Enlarging You Prospect Pool

“Making money beats collecting stamps or old bottles any day.

Get good at this hobby and you are liable to become wealthy.”

Sooner or later you will need to go beyond your family and friends to find prospects, and at this point you will either accept the requirement to call upon strangers, or quit the business. A few network marketers have been fortunate enough to create a self-building organization on the strength of acquaintances alone, but for the rest of us, drastic action becomes necessary about two days after we hop on the network marketing wagon.

This drastic action takes the form of introducing ourselves to strangers on the street, running classified ads, and joining civic groups and clubs to enlarge your fields of acquaintances. So, what can you do to enlarge your prospect pool? At this point you are not trying to recruit anybody, you’re just looking for candidates that may be receptive to hearing the plan. Here are four methods that have proven successful in the past:

A. Three Foot Rule

This technique is amazingly effective, but should be reserved for the more brash among us. The three-foot rule simply stated is this: If a person steps within three feet of you, show them the plan. The worst that can happen is that the prospect will look at you and tell you to get lost. “All right, I’m leaving. Sorry you’re having a bad day.”

On the other end of the spectrum, how do you know that the person standing next to you does not have the potential to break every record known to the multi-level marketing industry? And what about that “lucky” guy who recruited her?

B. Eyes Wide Open

To see opportunity, you must first have your eyes open to opportunity. Did you ever hear the story about the man whose ship came in, but he wasn’t at the dock to meet it, so it left without him? It could happen to you. Listen and observe what is going on around you. People are constantly complaining about lousy jobs, being broke, wanting a shot at the big leagues. People are discontent. If you can tune your ears to it, you can open a wealth of prospecting avenues to your organization building efforts.

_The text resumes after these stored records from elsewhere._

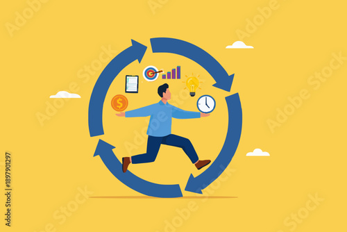 Paper cut craft style successful businessman winner silhouette holding trophy cup, vector illustration. Financial growth, earning, income, business achievements.
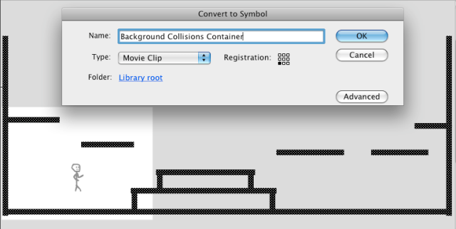 Select everything inside the background object. Hit Modify –> Convert to Symbol… (Hotkey F8) to turn the current outline of the background into a Movie Clip. I named mine the Background Collisions Container, and I set the Registration to the bottom-left corner.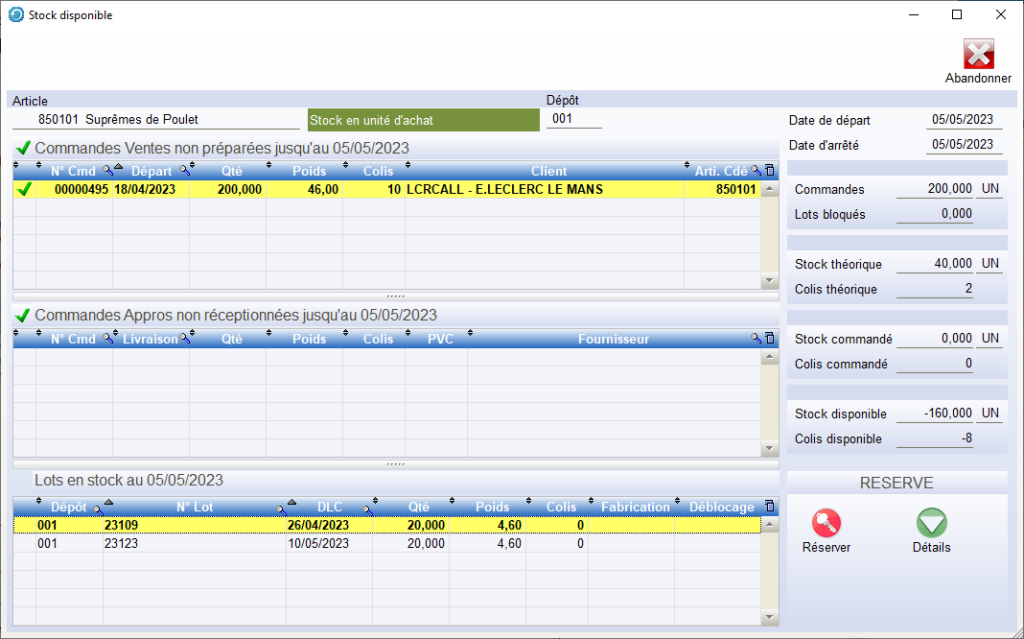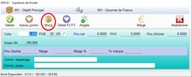 Outil config > Onglet saisie des commandes.Comment est calculé le stock disponible ?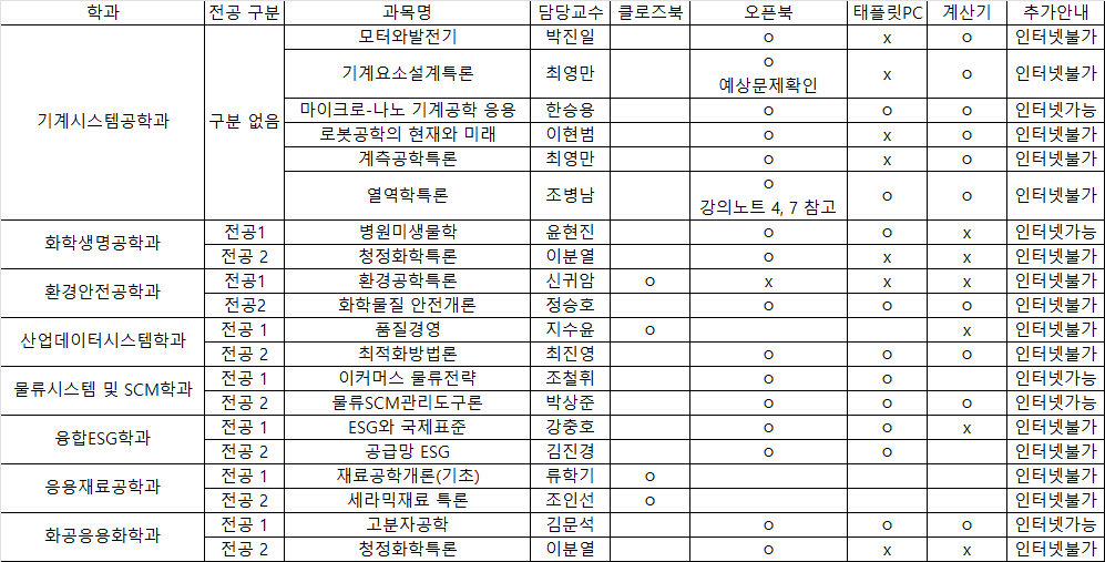 - 공학용 계산기가 필요한 과목은 반드시 개별 준비필요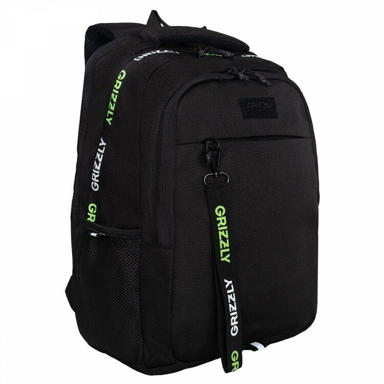 Купить Рюкзак для мальчиков (Grizzly) арт RU-432-3/2 черный-салатовый 31х42х22 см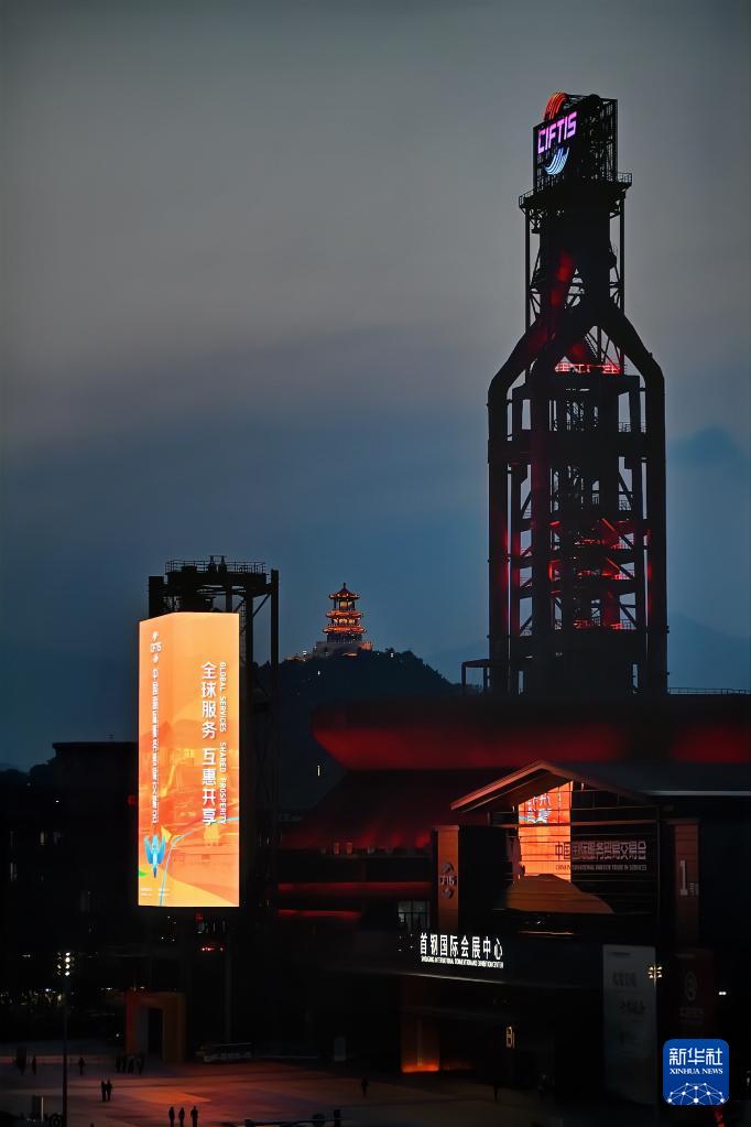 2025年中國國際服務貿易交易會于9月10日至14日在北京首鋼園區舉辦。夜幕下,首鋼園區內工業遺存在現代燈光輝映下,展現出別樣之美。

The next time you hear somebody complaining, try this. Turn to them, and say: “I may have a solution to your problems if you’re serious. Here’s my business card, give me a call sometime.” Usually this approach will elicit a polite “thanks, I’ll keep it in mind,” or ideally a question such as, “what do you do?” To which you pull out a napkin and present your polished “here’s the plan” presentation.

C. Shout it Out

This is a simple technique of letting people know you are in business. Every waking day your are barraged by commercials, want ads, billboards, and magazine ads begging you to spend your money on “our” product or service. Within the policy limits of your sponsoring company, you can advertise also. Keep it simple and cheap, and if it doesn’t work, don’t waste your money. You may want to try: flyers, classified ads, and business cards.

D. Who do you Know

Never leave a prospect that has turned you down without asking these two questions: Would you like to become a customer? and, Do you know somebody (specifically ask for a co-worker, friend, or relative) who may be interested in hearing about this opportunity, risk free?

Some network marketers believe that family and friends invariably turn out to be the worst performers you’ll ever recruit into the business. Regardless of their individual performance, they serve an important role for you in that they provide an audience for your fledgling sales and opportunity presentations. People are more comfortable discussing the opportunity with family and friends then they are with total strangers. Eventually, however, you may need to find prospects beyond the scope of family and friends. It’s at this time that you must adopt different marketing techniques to find new prospects.

Newbie Trap: Discussing the business opportunity with family members before you have all your facts straight. Invariably, family members will discourage you from becoming involved in something they don’t understand., and as a beginner you will not be able to adequately address their questions and concerns.